Tuesday night’s city council meeting grew very emotional as Leslie Spears recounted the last three times she has lost pets to dog attacks since she moved to the Village. She wants to see the city do more, but some say she and other citizens need to also play their part to make a difference.
With a city council full of dog owners, Leslie Spears’s words were taken with empathy as she pleaded for change. “It’s the third time and I’m just numb,” she tells News 9.
As she walked her Papillon Albert last week, she says a neighbor’s dog escaped two fences to reach them. Spears carries a sharpened golf club to fend off vicious animals after her previous encounters, but in the moment she was only focused on pulling Albert from the dogs jaws.
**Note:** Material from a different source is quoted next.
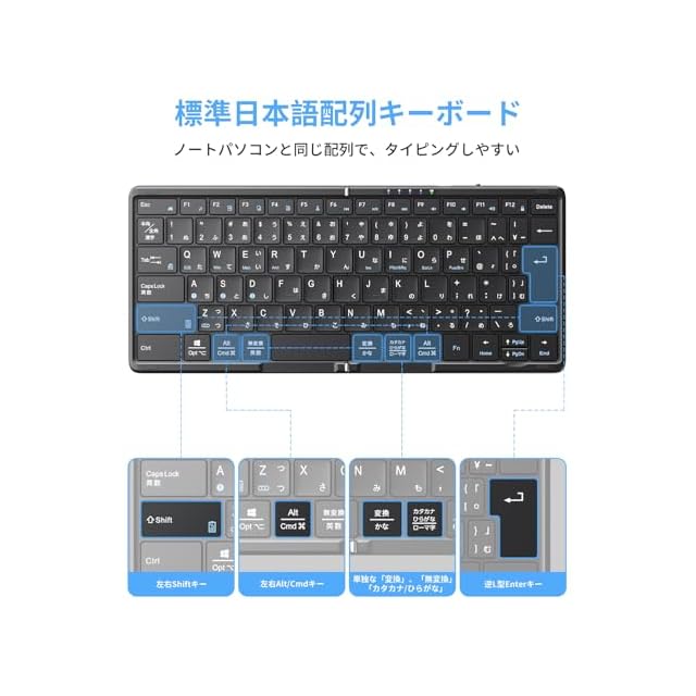 ✅【革新進化版・標準JIS配列2つ折り畳み式キーボード】折りたたみキーボード はJIS規格標準日本語配列で、大型のEnterキー、左右shiftキー、左右Altキーを配置されて、普段よく使いのキーボードと同じ配列で、使い慣れてからタイピングしやすいです。

She says, “I wish I would’ve kicked the dog or something but you never know what you’re going to do in a panic situation, plus I was so taken aback and it happened in seconds.”
The Village’s leaders are proud to have one of the strictest animal codes in the area. After asking her neighbors for feedback though, Spears suggests training on how to respond to an attack.
At the meeting one neighbor spoke up, saying, “Should I carry a gun? I don’t want to do that. I just want to protect my little animal.”
Locals are also calling for increased liability for owners of both animals and rental properties. Mayor Sonny Wilkinson agrees, but says concerned citizens have to follow through by signing the complaint for a vicious dog and showing up in court.
“I understand some people don’t want to confront their neighbors,” he says, “but if there’s a vicious dog involved, they’re really not doing that just for themselves. They’re doing it for the community.”
Despite losing her dog, Spears still hesitated to sign the complaint. “It was lonely,” she remarks. “It was angry, and we’ve always suspected it and just felt that if we were calling in, we’d be like a nosy neighbor.”
She is planning to sign it now, though.
Police chief Paul Kinman believes if more people did so, the code would not need to be changed. He says, “We have enough in there. We just have to have people step up, sign the complaints and take due process.”
City council did not vote on any changes on Tuesday. They will meet again to decide on potential amendments in the coming month.